[Top] [All Lists]

Re: [ontolog-forum] Context and Inter-annotator agreement

To: ontolog-forum@xxxxxxxxxxxxxxxx
From: John F Sowa <sowa@xxxxxxxxxxx>
Date: Sat, 03 Aug 2013 10:54:23 -0400
Message-id: <51FD199F.6040801@xxxxxxxxxxx>
Pat, Michael, Ed, and William,    (01)

I strongly believe in the need for good lexical resources.
For examples of the resources VivoMind uses, see the web site
that Arun Majumdar maintains and the references cited there:    (02)

    http://lingo.stanford.edu/vso/    (03)

I also believe that no single resource can be necessary, sufficient,
or even adequate for the task of language understanding.  The title
of the following paper is "Two paradigms are better than one and
multiple paradigms are even better":    (04)

    http://www.jfsowa.com/pubs/paradigm.pdf    (05)

For a brief summary of the insufficient attempts over the past few
millennia, see the list (Slide 10) at the end of this note.    (06)

>>> Those meanings that can be reliably distinguished (>98%) by motivated
>>> (rewarded for accuracy) human annotators.    (07)

>> There are no such meanings -- except in very special cases.    (08)

> I think that human performance with real informative text is typically
> above that level, when one is trying to be accurate and not sloppy or hurried.    (09)

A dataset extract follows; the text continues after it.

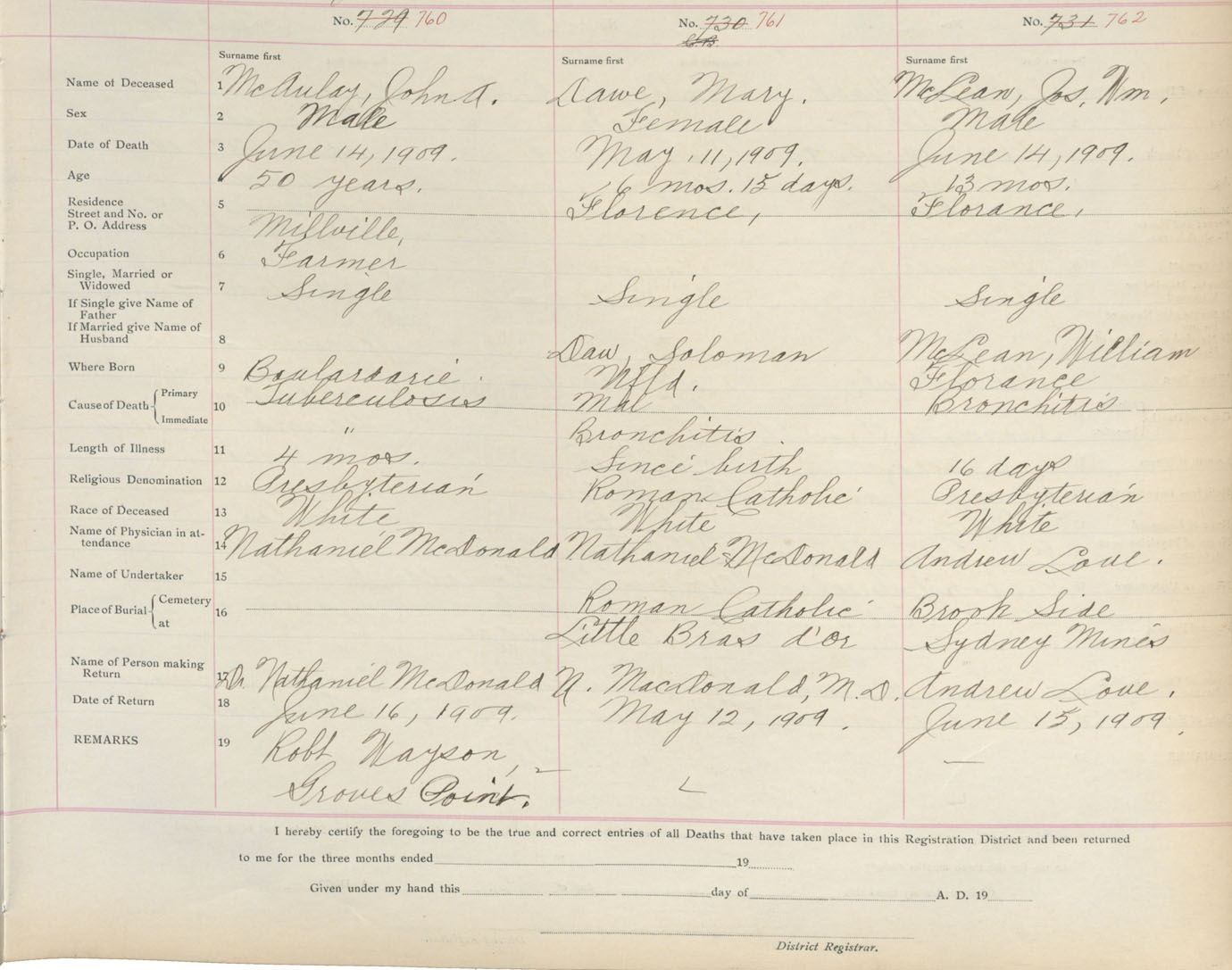 Death Registration: Year: 1909 book: 3 page: 126 number: 762

Yes.  But there is a *huge* difference between using language precisely
for human to human communication and the artificial exercise of trying
to select a word sense from some list.    (010)

> one has to start with some inventory of senses, but the most detailed
> inventory yet used for such tests by NL researchers is WordNet, which
> is not a good standard for such testing.    (011)

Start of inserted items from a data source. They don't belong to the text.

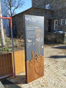 Eine der neuen Infostelen auf dem neugestalteten Gelände der Freiheit wurde mit Graffiti verunstaltet. Auch auf dem Abgang seitlich der Burgruine war der Täter aktiv. Zusätzliche Schmierereien mit Graffiti finden sich an den beiden Rastplätzen am RuhrtalRadweg. Die Stadt stellt Strafanzeige.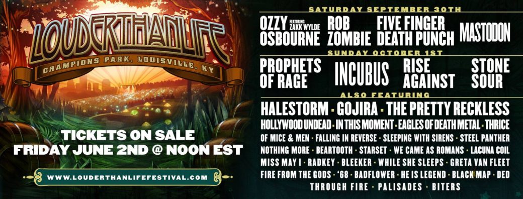 Ozzy Osbourne featuring Zakk Wylde, Prophets of Rage, Five Finger Death Punch, Rob Zombie and Incubus top the bill for the fourth annual Louder Than Life destination festival, Saturday, September 30 and Sunday, October 1 at Champions Park in Louisville, KY.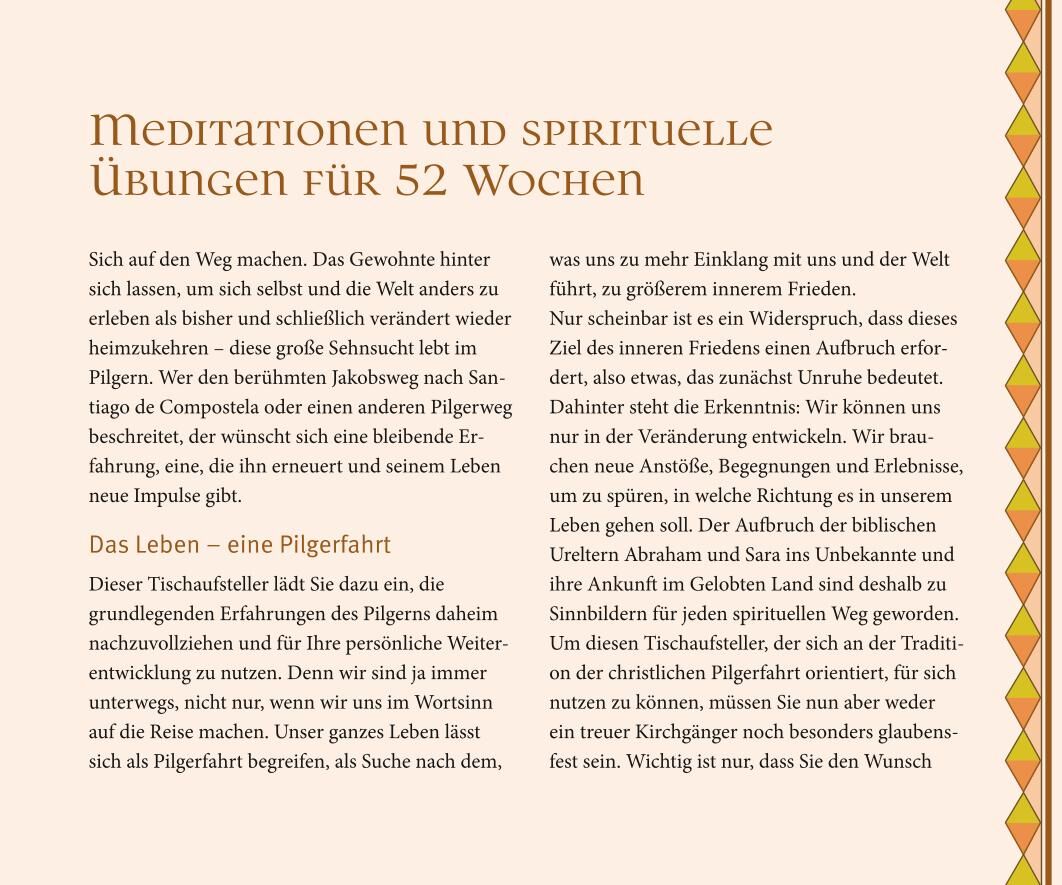 Ruhe, Entschleunigung und innerer Frieden der spirituelle Begleiter für zu Hause Seit Jahrhunderten übt der Jakobsweg eine besondere Magie aus, seit einigen Jahren erlebt er eine ungeahnte Renaissance: Er steht für den äußeren Weg des Pilgerns ebenso wie für d...

No.  An inventory of word senses is neither necessary nor sufficient
for NLP.  WordNet is widely used because it's free, but see Slide 10.    (012)

Also look at the Japanese EDR project (use Google for ref's).  The
Japanese gov't poured billions of yen into developing a "concept
dictionary" with 400,000 concepts with mappings to both English and
Japanese.  CSLI at Stanford had a copy of it, and I asked people
there whether anybody was using it.  The answer I got is that nobody
had found anything useful to do with it.    (013)

Use your favorite search engine to look for references to the SENSEVAL
projects.  If you want more info, subscribe to Corpora List and ask
people there what they think about these issues.  Adam Kilgarriff,
by the way, was one of the organizers of the SENSEVAL projects.    (014)

>> Unfortunately, there is no finite "set of senses" that can be used to
>> achieve "human-level interpretation of a broad range of texts."    (015)

> That is a bold claim... my observations suggest that no remotely applicable
> test has yet been conducted to see if such a claim is even plausible.    (016)

Researchers on machine translation tried to develop an Interlingua
of concepts (word senses) that would be useful for MT.  They failed
in the same way as EDR:  none of them produced useful results that
justified a continuation of the R & D funding.    (017)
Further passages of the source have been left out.